═════ PROVIDED MATERIAL ═════

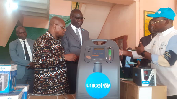 Le Ministre de la Santé et de la Population, Docteur Pierre SOMSE a réceptionné ce 28 octobre, 300 concentrateurs d’oxygène, don de l’ UNICEF au dit ministère. Ce Don d’une valeur d’environ 286 550 000 FCFA, se situe dans le cadre du mécanisme de financement des fournitures qui vise à améliorer l’accessibilité et la disponibilité de l’oxygène dans la région de l’Afrique. Autres les 300 concentrateurs d’oxygène, 50 débitmètres de 0-15 litres LMK, 50 débitmètres de de 0-15 LPM oxygène, 25 monitors, patient, portable, w/acc, 100 stabilisateurs de tension électrique ont également été remis.
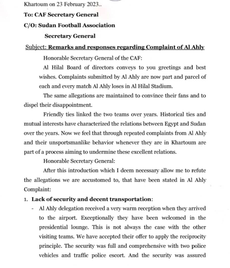 وجاء نص شكوى الهلال السوداني كالتالي: معالي الأمين العام للاتحاد الإفريقي لكرة القدم، ينقل مجلس إدارة الهلال إليكم تحياتي وأطيب التمنيات. أصبحت الشكاوى المقدمة من قبل الأهلي الآن جزءًا لا يتجزأ من كل مباراة يخسرها الأهلي على ملعب الهلال، تم الحفاظ على نفس المزاعم لإقناع معجبيهم وتبديد خيبة أملهم.
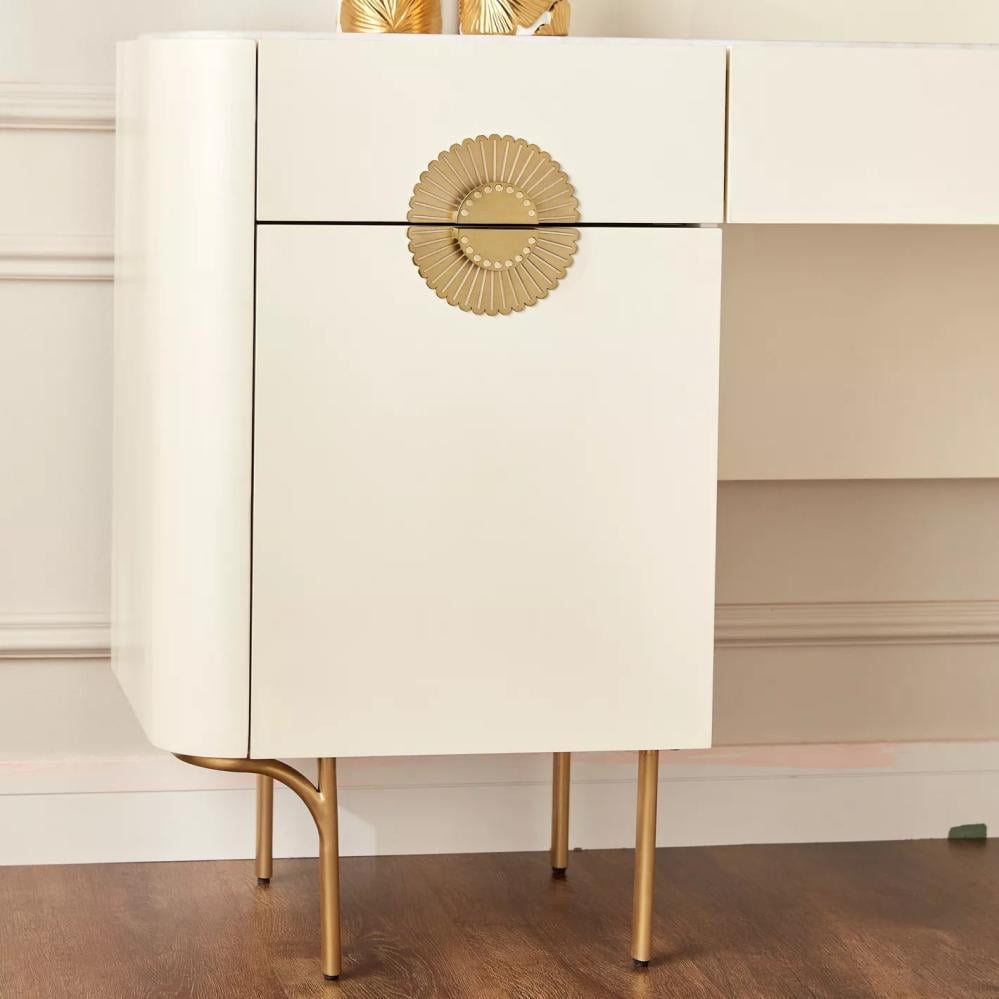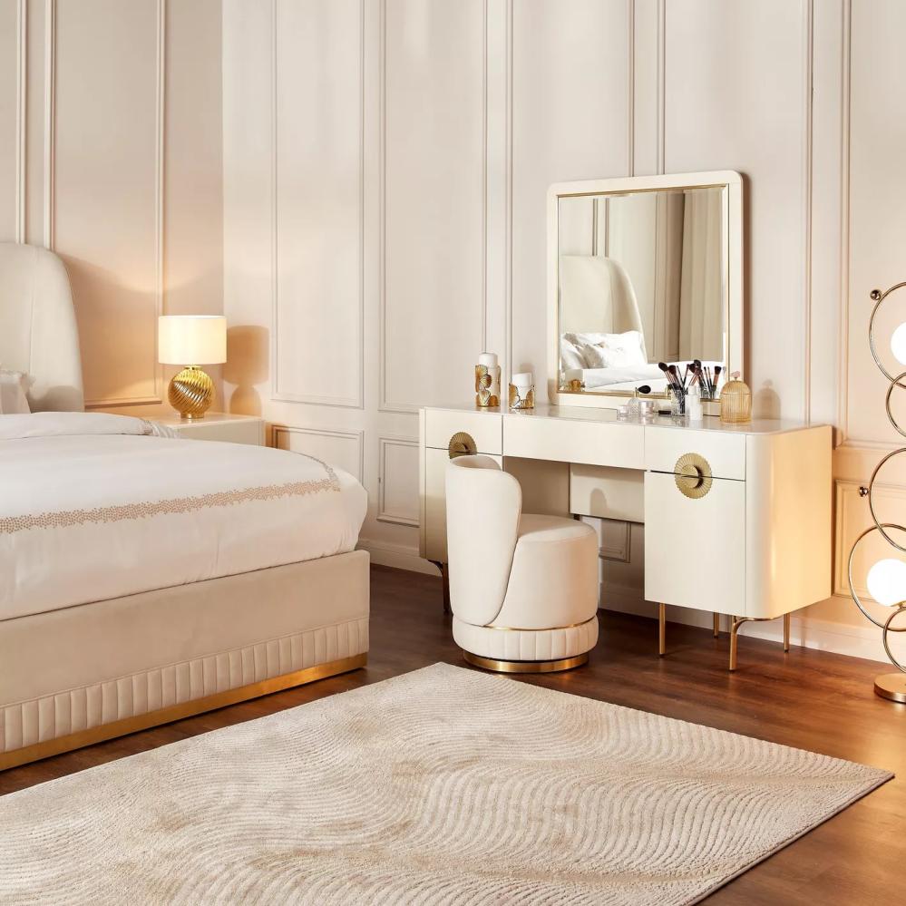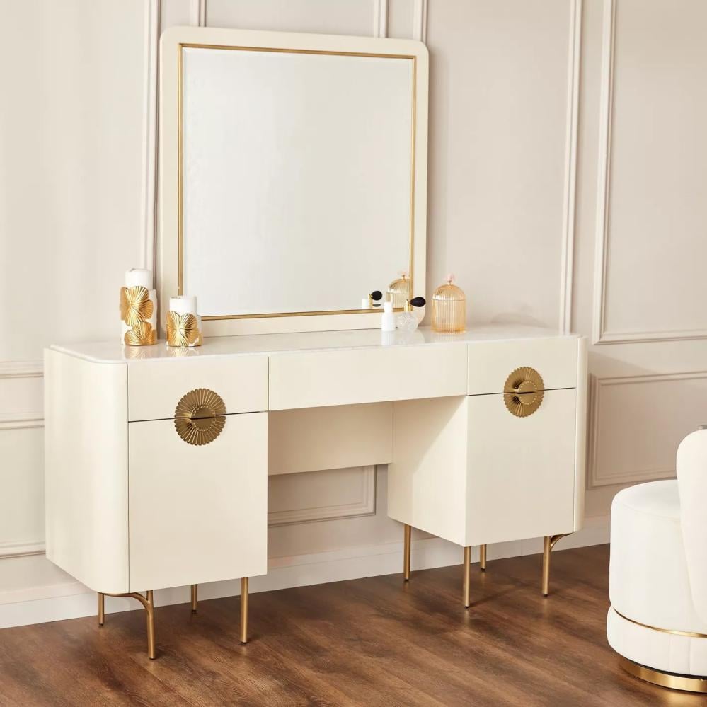 اختيار عصري لا غنى عن إضافته لأي غرفة نوم عصرية. مصنوعة من الرخام والذهب بسطح مطلي استثنائي يزيد جاذبيّتها. مزيّنة بمقابض متينة ومزوّدة بمرآة تكمل احتياجاتك الأساسيّة في غرفة النوم.

═════

— YOUR ASSIGNMENT —
Return, exactly as they stand, all of the lines above, but not the pictures.

— SOLUTION TO THE EXERCISE —
 Le Ministre de la Santé et de la Population, Docteur Pierre SOMSE a réceptionné ce 28 octobre, 300 concentrateurs d’oxygène, don de l’ UNICEF au dit ministère. Ce Don d’une valeur d’environ 286 550 000 FCFA, se situe dans le cadre du mécanisme de financement des fournitures qui vise à améliorer l’accessibilité et la disponibilité de l’oxygène dans la région de l’Afrique. Autres les 300 concentrateurs d’oxygène, 50 débitmètres de 0-15 litres LMK, 50 débitmètres de de 0-15 LPM oxygène, 25 monitors, patient, portable, w/acc, 100 stabilisateurs de tension électrique ont également été remis.
 وجاء نص شكوى الهلال السوداني كالتالي: معالي الأمين العام للاتحاد الإفريقي لكرة القدم، ينقل مجلس إدارة الهلال إليكم تحياتي وأطيب التمنيات. أصبحت الشكاوى المقدمة من قبل الأهلي الآن جزءًا لا يتجزأ من كل مباراة يخسرها الأهلي على ملعب الهلال، تم الحفاظ على نفس المزاعم لإقناع معجبيهم وتبديد خيبة أملهم.
 اختيار عصري لا غنى عن إضافته لأي غرفة نوم عصرية. مصنوعة من الرخام والذهب بسطح مطلي استثنائي يزيد جاذبيّتها. مزيّنة بمقابض متينة ومزوّدة بمرآة تكمل احتياجاتك الأساسيّة في غرفة النوم.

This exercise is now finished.